Stored entries:
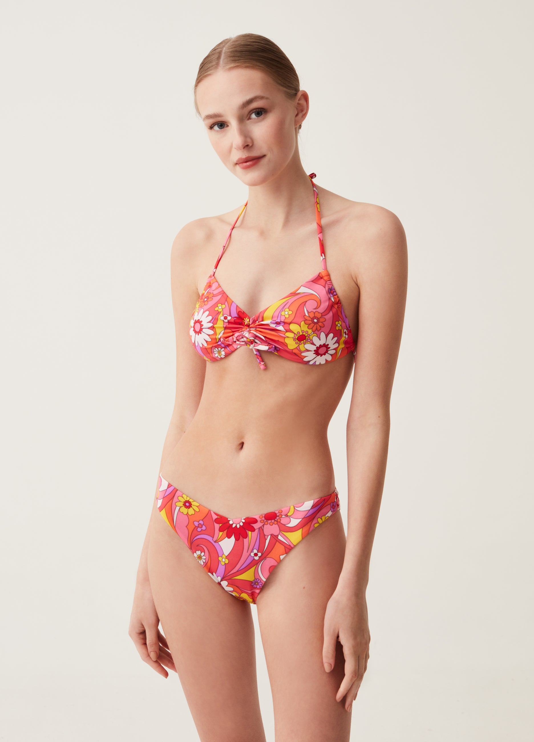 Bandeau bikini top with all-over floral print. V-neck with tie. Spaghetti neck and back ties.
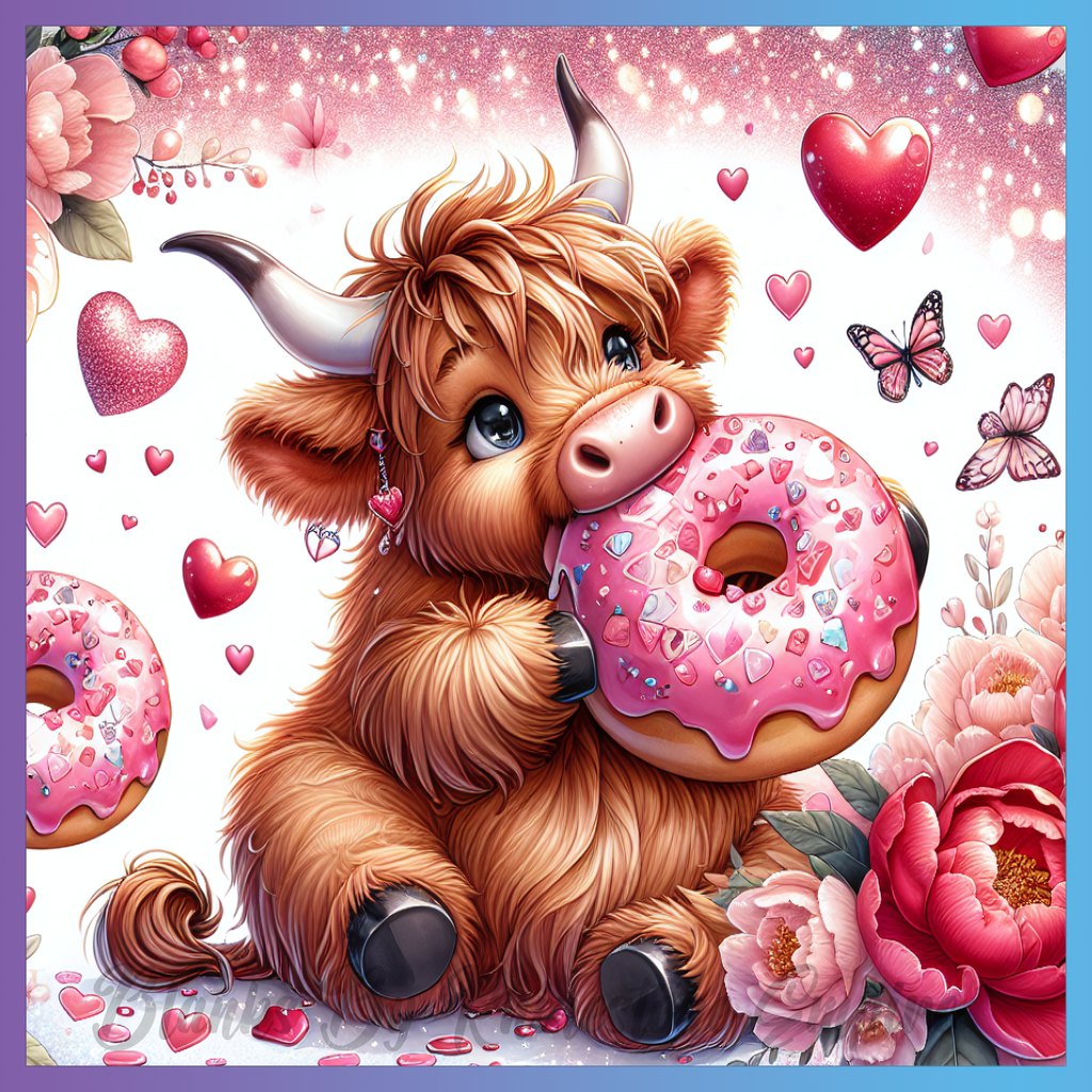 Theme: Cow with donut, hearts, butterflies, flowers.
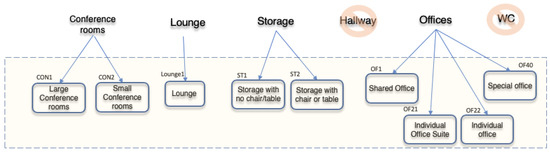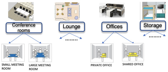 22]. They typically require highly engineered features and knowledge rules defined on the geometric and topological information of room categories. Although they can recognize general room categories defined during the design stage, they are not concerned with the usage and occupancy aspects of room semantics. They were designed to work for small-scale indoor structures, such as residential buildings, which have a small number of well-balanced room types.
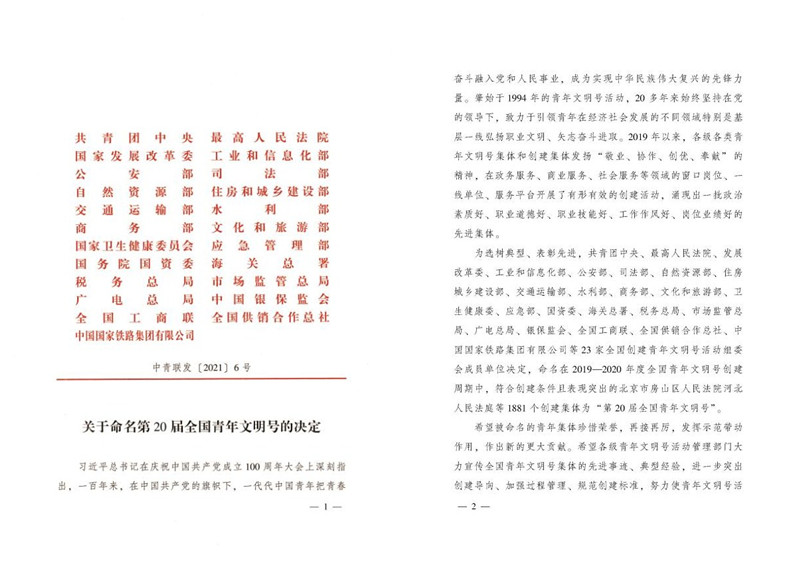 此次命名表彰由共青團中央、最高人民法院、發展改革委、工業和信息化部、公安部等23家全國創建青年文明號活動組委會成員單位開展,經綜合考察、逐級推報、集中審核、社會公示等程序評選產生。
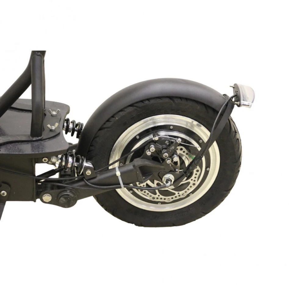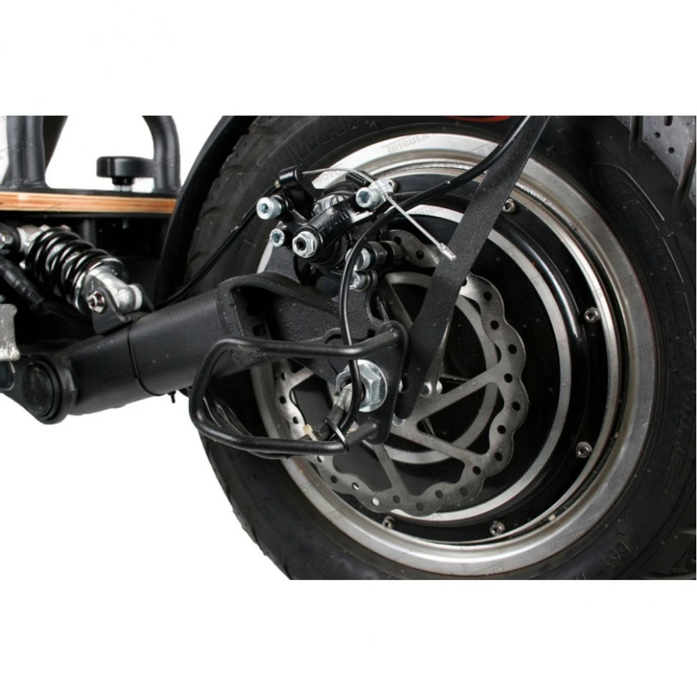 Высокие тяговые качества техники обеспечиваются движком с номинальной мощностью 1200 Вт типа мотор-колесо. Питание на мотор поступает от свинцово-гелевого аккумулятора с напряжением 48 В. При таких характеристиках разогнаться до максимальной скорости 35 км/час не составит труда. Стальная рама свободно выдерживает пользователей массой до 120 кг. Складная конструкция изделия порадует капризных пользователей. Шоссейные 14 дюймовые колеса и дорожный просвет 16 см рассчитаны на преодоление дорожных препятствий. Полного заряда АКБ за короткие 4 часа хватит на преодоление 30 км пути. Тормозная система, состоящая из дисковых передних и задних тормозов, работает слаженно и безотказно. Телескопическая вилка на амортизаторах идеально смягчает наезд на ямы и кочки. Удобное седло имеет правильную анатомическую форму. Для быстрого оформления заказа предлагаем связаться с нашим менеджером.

**Task goal:** Skip every picture and return the lines above from the top through the one that contains "Theme: Cow with".

**Answer to the problem:**
 Bandeau bikini top with all-over floral print. V-neck with tie. Spaghetti neck and back ties.
 Theme: Cow with donut, hearts, butterflies, flowers.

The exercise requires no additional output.